P.S.: of course the OA could be [spoiler](D)[/spoiler], if we agree that (d,e) and (b,c) could "change places" and/or a is not necessarily positive... you got the idea... (I would consider this, therefore I would click [spoiler](D)[/spoiler], by the way.)

[N:Dure]

Hi there,

Any point (x,y) that belongs to the circle given satisfies the equation (x-0)^2 + (y-a)^2 = r^2 where r>0 is the radius, therefore:

b^2 + (c-a)^2 = r^2 = d^2 + (e-a)^2 and simplifying we have:

b^2 + c^2 - 2ac = d^2 +e^2 - 2ea.

That means LS (left side) - RS (right side) = 2a (c-e) .

Therefore SUPPOSING we can "trust" the figure given, we have

(1) a > 0
(2) c < e

and with those in mind, LS - RS < 0 and we are done. (Answer in this scenario: B)

Regards,
Fabio.

P.S.: of course the OA could be [spoiler](D)[/spoiler], if we agree that (d,e) and (b,c) could "change places" and/or a is not necessarily positive... you got the idea... (I would consider this, therefore I would click [spoiler](D)[/spoiler], by the way.)

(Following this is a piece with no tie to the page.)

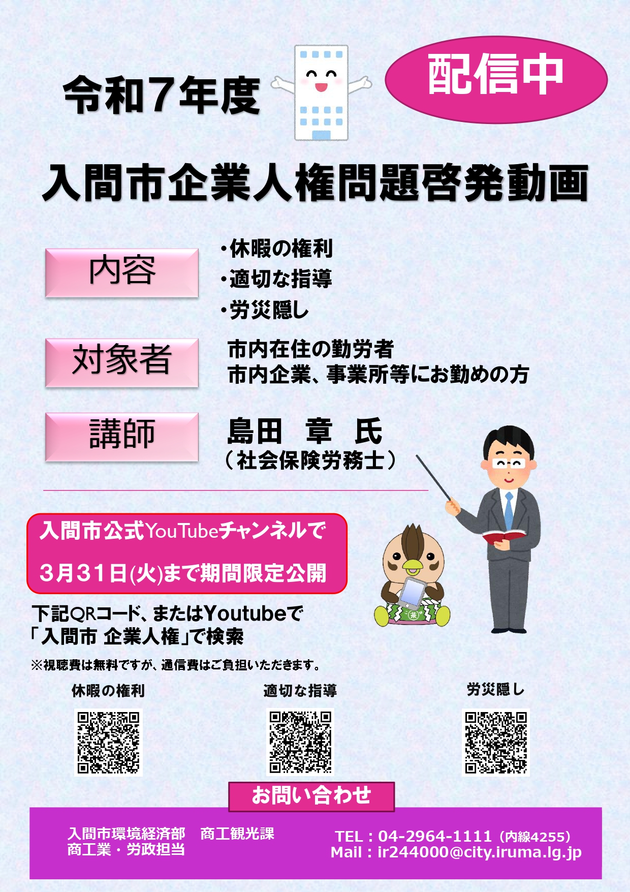 「入間市公式YouTubeチャンネル(外部リンク)」にて企業人権問題啓発動画が公開されております。短時間で人権問題への理解を深めていただける内容なので、企業における人権啓発の教材としてご活用ください。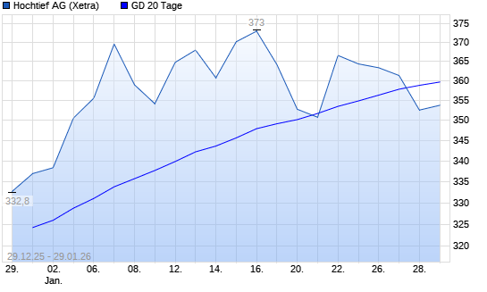 Mit dem Rücksetzer auf 348,40 EUR hat die Hochtief-Aktie am 28.01.2026 die 20-Tage-Linie nach unten gekreuzt.

Thanks Fabio for your reply! I get it right up till "b^2 + c^2 - 2ac = d^2 +e^2 - 2ea.". What I don't get is the LS-RS part = 2a(c-e), how did you get to that?

[GMATGuruNY]

To make the situation easier to see, plug in a=1.

Radius = distance from (b,c) to (0,1) = √(b-0)² + (c-1)²
Radius = distance from (d,e) to (0,1) = √(d-0)² + (e-1)²

Since all radii are equal:
√(b-0)² + (c-1)² = √(d-0)² + (e-1)²
(b-0)² + (c-1)² = (d-0)² + (e-1)²
b² + c² -2c + 1 = d² + e² - 2e + 1
b² + c² -2c = d² + e² - 2e

Looking at the equation above, if b² + c² = d² + e², then -2c = -2e and c=e.
But we can tell from the picture that e>c, which means that the value being subtracted from the right side of the equation (2e) is larger than the value being subtracted from the left side of the equation (2c). Thus, in order for the right side to equal the left side, d² + e² > b² + c².

The correct answer is B.

[N:Dure]

As always, thanks GMATGuru for your help!

to make sure, since e>c, d^2 + e^2 has to be more than b^2+c^2 in order to equalize the 2 equations (the ones= r^2)

[GMATGuruNY]

As always, thanks GMATGuru for your help!

to make sure, since e>c, d^2 + e^2 has to be more than b^2+c^2 in order to equalize the 2 equations (the ones= r^2)

Correct!

[fskilnik@GMATH]

Thanks Fabio for your reply! I get it right up till "b^2 + c^2 - 2ac = d^2 +e^2 - 2ea.". What I don't get is the LS-RS part = 2a(c-e), how did you get to that?

Hi N:Dure,

Sorry for the delay.

The answer is: (b^2 + c^2) - (d^2 +e^2) = 2ac - 2ea = LS - RS = 2a(c-e) ...

I hope things are clear, now.

Regards,
Fabio.

P.S.: Mitch´s solution is a little less general than mine, but exactly the same reasoning. Be sure you realize that, because this will mean you really understood both!